Jetzt trieb er langsam auf einen mächtigen Felsen von fast tausend Yard Durchmesser zu und stieß ihn sanft an. Von diesem Hauch einer Berührung geküsst, verließ der Berg aus Stein in den nächsten tausend Umläufen seine Jahrmillionen alte Bahn — nahm Kurs auf das ferne Zentrum und strebte unaufhaltsam diesem fernen Licht entgegen.
Es sollten viele Zeitalter vergehen, in denen der fliegende Berg mehrmals das helle Licht umkreiste — bis sich der uralte Felsen mit hoher Geschwindigkeit einer der inneren Welten näherte.
Und dann — wie es die Schicksalsgöttin ›Atrophos‹ geplant hatte, lag der Planet ›Joy‹ direkt auf seinem Kurs und würde die Vereinigung des Kindes aus Eis und Erz mit seinem Muttergestirn verhindern.
Noch war kein intelligentes Leben auf ›Joy‹ vorhanden — denn die Zeit der ›Gnork‹ oder der Menschen war noch nicht gekommen und lag noch Millionen von Jahren in ferner Zukunft.
Nur der Kontinent der dereinst ›Alurien‹ heißen sollte, hatte sich bereits aus der heißen Magma gebildet. Und ebenso erhoben sich unzählige Inseln aus dem weiten grünblauen Meer — in dem sich reichhaltiges Leben entwickelte.
Üppige Vegetation hatte sich über den ganzen Planeten ausgebreitet und dichte Wälder bedeckten das grüne Land — über das unzählige Säugetiere auf der Suche nach Nahrung umher streiften.
Alles schien im Einklang mit der Natur — bis eines Tages der Himmel über den fruchtbaren Savannen aufglühte und ein grelles Licht innerhalb weniger Sekunden wie eine feurige Lanze durch die Atmosphäre stieß.

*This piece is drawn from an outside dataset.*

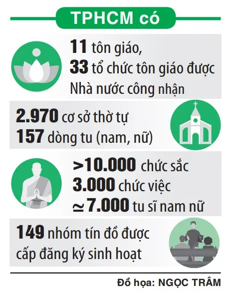 Ông Nguyễn Hoàng Giang, Phó Trưởng Ban Tôn giáo (Sở Nội vụ TPHCM), cho biết, những năm qua, với chủ trương đảm bảo quyền tự do tín ngưỡng, tôn giáo, tạo điều kiện để các tổ chức, cá nhân tôn giáo có môi trường hoạt động tốt, TPHCM đã hỗ trợ các tổ chức tôn giáo tổ chức thành công đại hội theo nhiệm kỳ, bầu ra chức sắc lãnh đạo là những người ưu tú để lãnh đạo tinh thần, dẫn dắt giáo hội đồng hành cùng Đảng bộ, chính quyền thành phố trong mọi hoạt động. Bên cạnh đó, vào các dịp lễ trọng (như Đại lễ Phật đản, Vu Lan của Phật giáo; Phục sinh, Lễ Giáng sinh của Khối Kitô giáo), thành phố luôn quan tâm, hỗ trợ để các tổ chức tôn giáo hoạt động; lãnh đạo TPHCM và các quận, huyện tổ chức gặp gỡ chung các tôn giáo hay đến thăm, chúc mừng các cá nhân, tổ chức tôn giáo tiêu biểu.

Wie ein gigantischer Hammerschlag traf der glühende Felsbrocken auf den nördlichen Rand ›Aluriens‹ und bohrte sich tief in den Leib des jungen Kontinents — wo er mit sonnengleicher Urgewalt explodierte und im Umkreis von tausend Meilen und mehr alles Leben vernichtete.
Nichts vermochte der gigantischen Druckwelle standzuhalten und riesige Flutwellen jagten berghoch um die Welt und überfluteten noch auf der anderen Seite ›Aluriens‹ die großen Inseln. Gleichzeitig schoss eine gewaltige Feuersäule in die Höhe und riss abermillionen Tonnen von Wasser und pulverisierten Gesteins in den Himmel  — und verfinsterte in den folgenden zwei Jahren die Welt, bis die unermüdlich hernieder strömenden Regenfälle den größten Teil des Staubes wieder aus der Atmosphäre holten.
In dieser Zeit der Agonie starben viele der Arten aus und es dauerte lange, bis sich die Überlebenden von diesem Ereignis erholt hatten. Das Klima ›Joys‹ hatte sich in dieser Phase der Dunkelheit merklich abgekühlt und es dauerte Jahrzehnte, bis die Sonne ›Magica‹ ihr Kind wieder ausreichend erwärmt hatte.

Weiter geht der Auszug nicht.